Hardcore guitars, and a title that pulls everything into orbit 

One of the most intriguing threads in this new era is Benee’s growing fascination with heavier guitar music, sparked in part by her acting debut in the film Head South, where she had to step into a more grunge-leaning world. 

“I didn’t really know an awful lot about that era,” she admitted. “I felt pretty nervous playing guitar and playing that kind of music. But it made me realize that sometimes at a real hardcore gig, people in the crowd, smashing their heads and shit, are having the best time, because that music is so intense and pulls such strong emotions out of you.” She laughed, then added, “I’m like, dang, I need to put some hardcore shit in my music.” 

That itch might explain some of the album’s noisier, more distorted moments. Even when she’s still working in an alt-pop framework, you can feel her leaning toward rougher edges, messier emotions, and louder guitars. 

All of it circles back to that title. Ur An Angel I’m Just Particles. It’s a phrase she pulled from an old demo that refused to leave her brain. 

“I found myself always kind of saying that line,” she said. “When I wrote it, it felt really smart. When it came to coming up with the name for the album, I was struggling for a while, and then I thought back to it and it just made perfect sense.” 

She breaks it down like this: “The ‘angel’ part ties to the ethereal world that I’ve been building, and this childlike wonder that I’ve been torn over the past few years, feeling overwhelmed with the world and the reality of everything. The ‘particles’ side makes me think of science and the existential vibe of how I’ve been feeling.” 

Then she zoomed out even further. “How crazy is it that when you zoom into anything with a microscope, it’s just more particles?

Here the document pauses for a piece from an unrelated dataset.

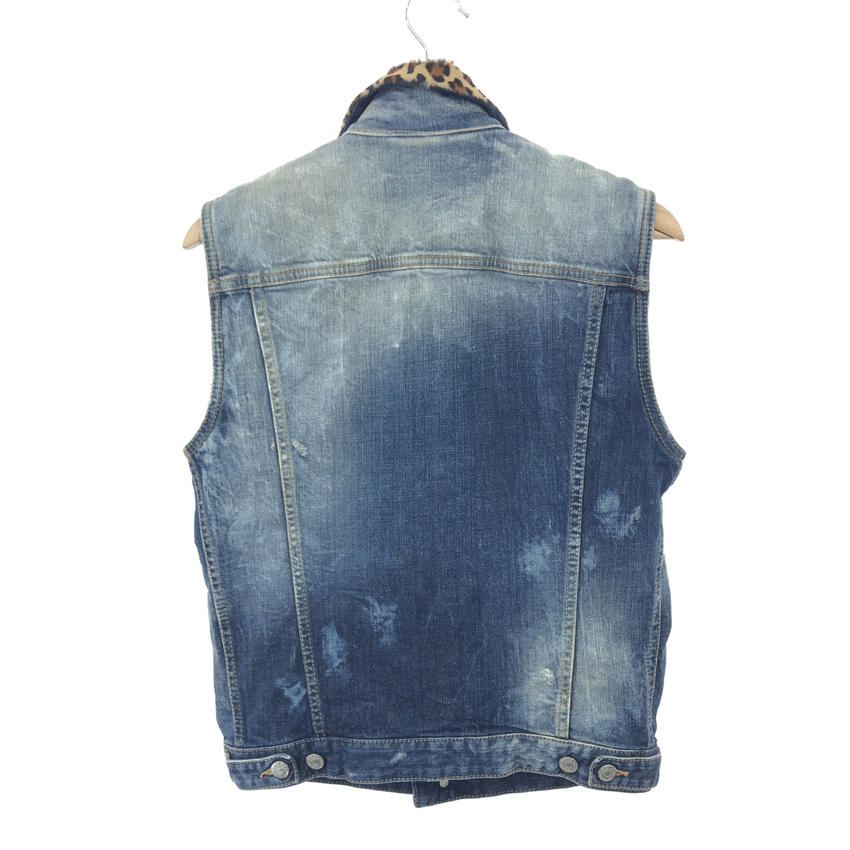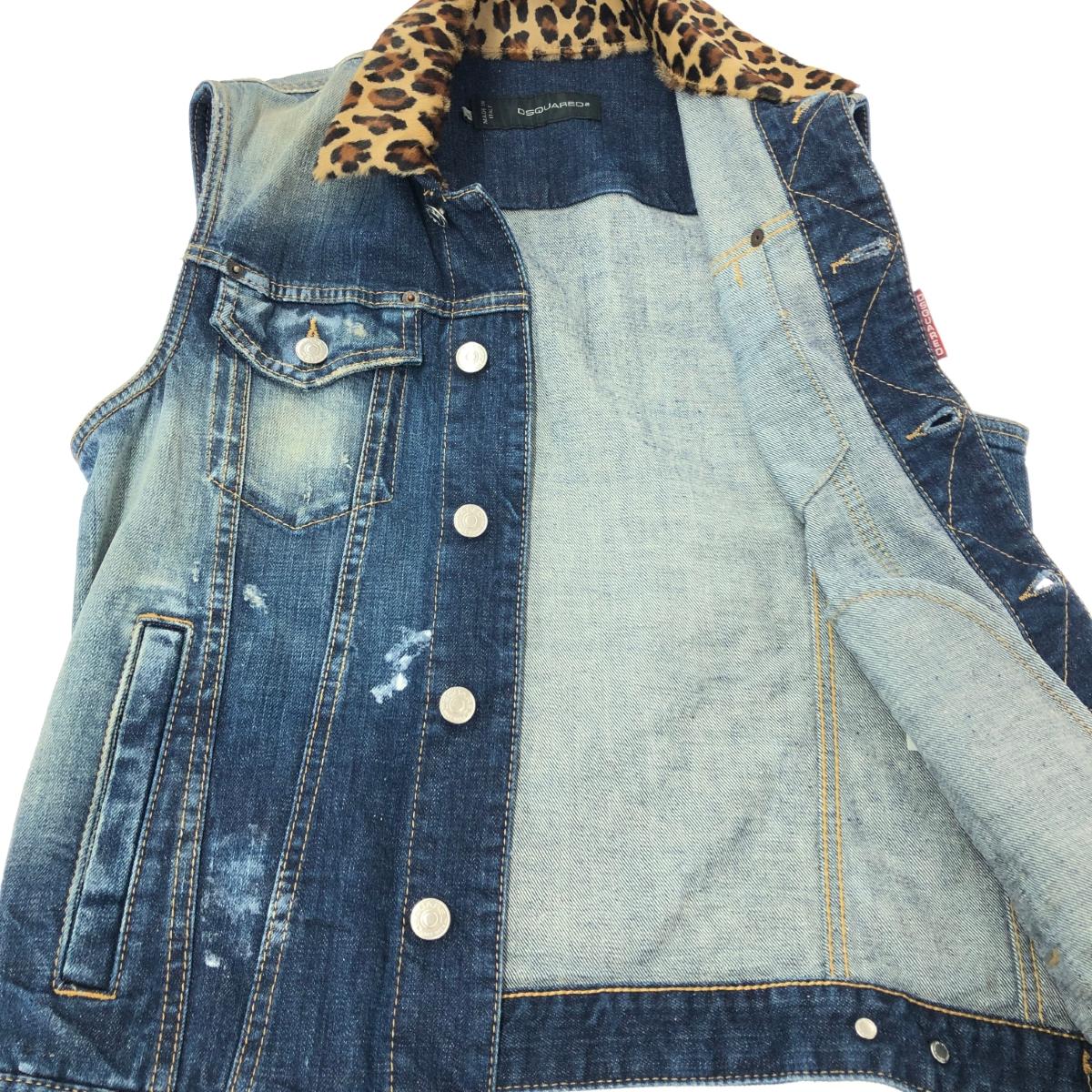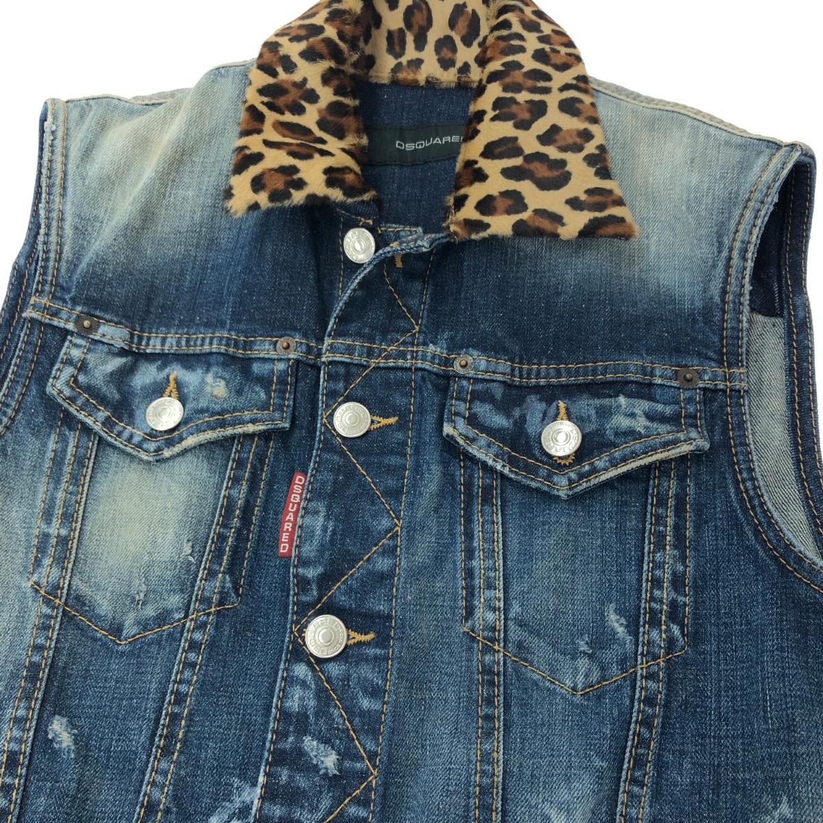 デニムベスト ダメージ加工/レオパードカラー ※素材は画像の素材タグをご確認ください。 画像にない場合は素材タグが無く素材不明となります。 |

It’s so weird,” she said, laughing at the absurdity of the topic on a press call. “Talk about existential.” 

The open book phase 

Despite all the anxiety, apocalypse talk, and mental-breakdown narratives woven through Ur An Angel I’m Just Particles, Benee herself remains disarmingly light and funny. That balance between humor and heavy feelings might be the secret weapon of this whole era. 

“One thing I always don’t think about is the songs coming out when I’m writing them,” she said. “There’s no filter, so I do usually end up writing about everything and don’t hold back. When it comes to putting it out, I’ve got this weird numbness to it. I’m just like, well, it is what it is. I’m an open book.” 

The album’s release hasn’t been all confetti and champagne. She talked about waking up the week after it dropped feeling oddly low. “I feel so exposed,” she admitted. “I kind of got a weird wave of depression four days after releasing music. I’m like, is it gonna get lost in the sauce?” Judging by the way Ur An Angel I’m Just Particles sticks in your brain. The armor, the strings, the existential cracks and tiny, glittering jokes, that seems extremely unlikely.